The Bishop of Ely appears briefly in Act 3, Scene 4, during the council meeting at the Tower where Richard orchestrates the arrest and execution of Lord Hastings. Though he speaks only six lines, his presence embodies a crucial theme: the corruption and exploitation of religious authority by political power. Richard addresses him directly when requesting strawberries from his garden at Holborn—a seemingly casual, courteous request that demonstrates Richard’s manipulation of appearances. The bishop, entirely unsuspecting of Richard’s true nature, responds with eager compliance, “Marry, and will, my lord, with all my heart,” illustrating how ordinary courtesy can mask malicious intent.

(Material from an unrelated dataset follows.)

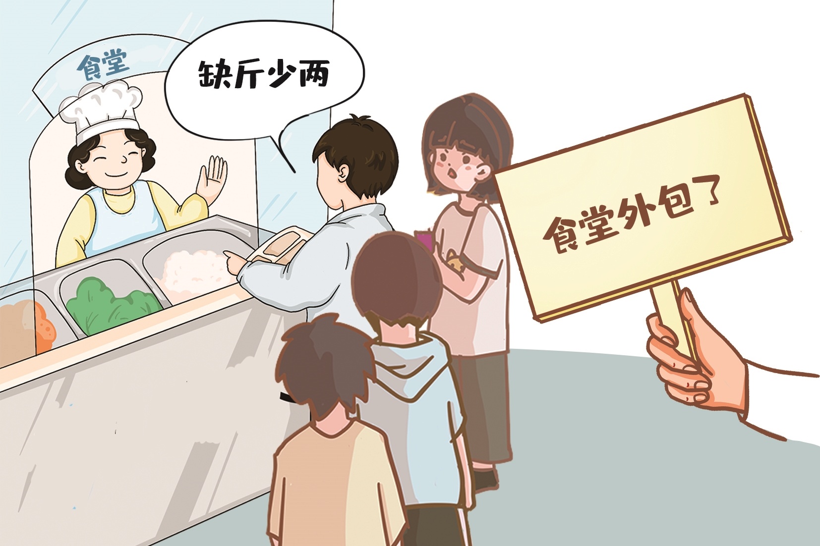现在一些高校,觉得把食堂外包给餐饮集团,就可以当“甩手掌柜”,没事就坐收承包费,有事就甩给“外来户”,这种想法是大错特错的。学生是学校招进来的,在学校学习和生活,学校当然要对他们的基本生活质量负责,而吃得安全健康实惠,就是最基本的生活保障。
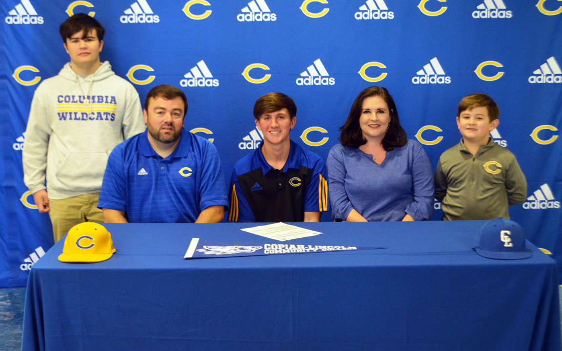 Pictured Above: Columbia High School’s Aiden Singley signs with Copiah-Lincoln Community College Friday. The senior shortstop was joined by, from left, brother Rylan, dad Justin, mother Heather and brother Kellan. | Photo by Joshua Campbell

Moments later, Buckingham enlists the bishop to travel to sanctuary and persuade Queen Elizabeth to release the young Duke of York into Richard’s care. The cardinal protests that breaking sanctuary would violate sacred law, but Buckingham’s sophistry—arguing that the child has no legitimate claim to sanctuary’s protection—overrides his objections. The bishop’s reluctant participation in this scheme, though motivated by what appears to be reasonable argument, makes him complicit in the kidnapping of an innocent child. His later lines show a man of principle trying to navigate impossible ethical terrain, caught between his duty to God and the irresistible pressure of state power.
The bishop’s ultimate compliance reveals the vulnerability of religious institutions when confronted by ruthless secular authority. He cannot prevent what he knows to be wrong; he can only perform his role and hope that God will judge justly. His few words carry the weight of institutional impotence—a Church that can speak truth but cannot enforce it, a man of God who must watch helplessly as sacred laws are broken and innocents sacrificed to ambition.